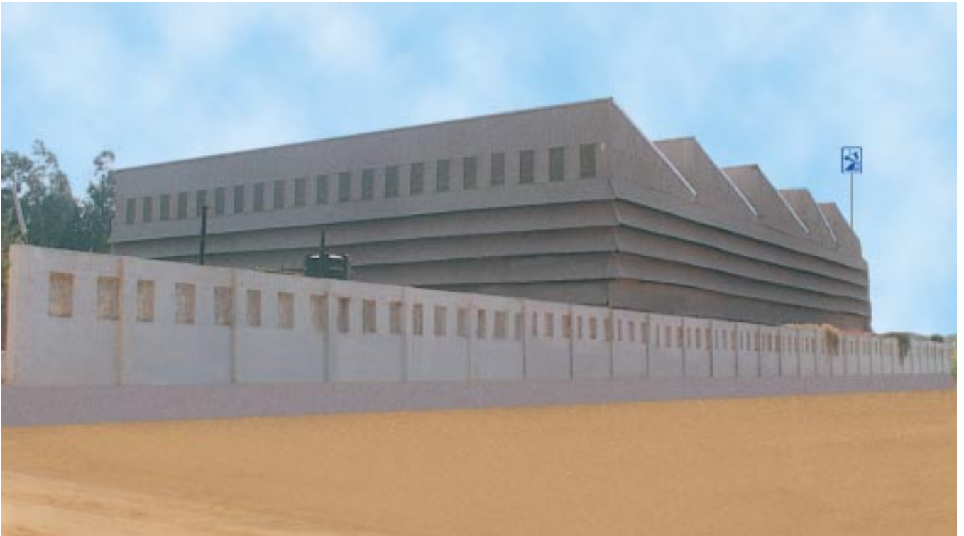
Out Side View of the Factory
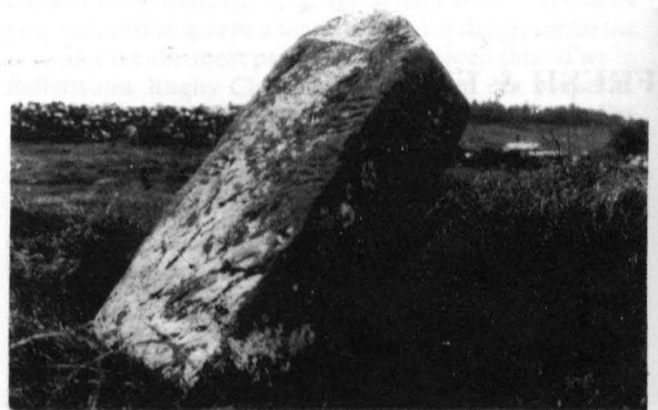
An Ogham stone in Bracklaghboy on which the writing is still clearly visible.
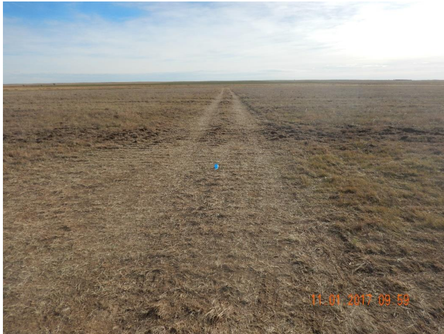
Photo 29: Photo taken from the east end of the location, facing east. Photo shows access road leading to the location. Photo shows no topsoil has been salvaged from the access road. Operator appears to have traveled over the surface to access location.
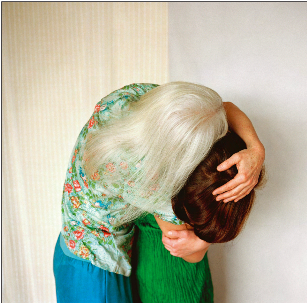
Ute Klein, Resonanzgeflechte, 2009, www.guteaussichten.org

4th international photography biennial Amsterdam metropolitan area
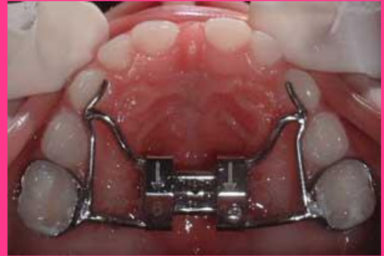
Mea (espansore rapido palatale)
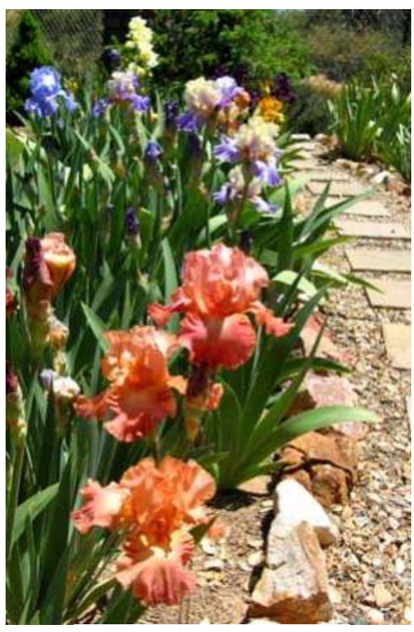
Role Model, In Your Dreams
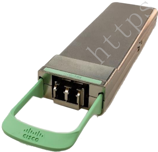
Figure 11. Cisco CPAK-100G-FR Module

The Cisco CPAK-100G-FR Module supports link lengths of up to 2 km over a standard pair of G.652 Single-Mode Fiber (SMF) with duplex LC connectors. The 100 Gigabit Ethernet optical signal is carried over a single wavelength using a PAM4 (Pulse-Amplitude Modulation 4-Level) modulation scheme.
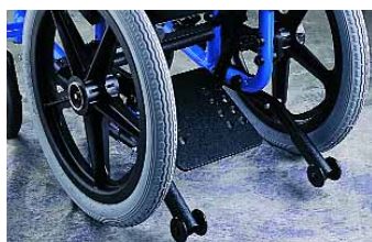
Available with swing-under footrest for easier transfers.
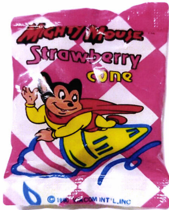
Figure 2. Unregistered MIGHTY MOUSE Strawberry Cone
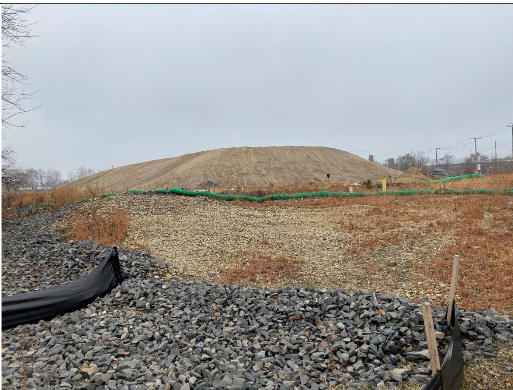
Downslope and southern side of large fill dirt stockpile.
========
» Problem requirements
Wherever a line in the records contains the word "with", copy that line.

» Written solution
The Cisco CPAK-100G-FR Module supports link lengths of up to 2 km over a standard pair of G.652 Single-Mode Fiber (SMF) with duplex LC connectors. The 100 Gigabit Ethernet optical signal is carried over a single wavelength using a PAM4 (Pulse-Amplitude Modulation 4-Level) modulation scheme.
Available with swing-under footrest for easier transfers.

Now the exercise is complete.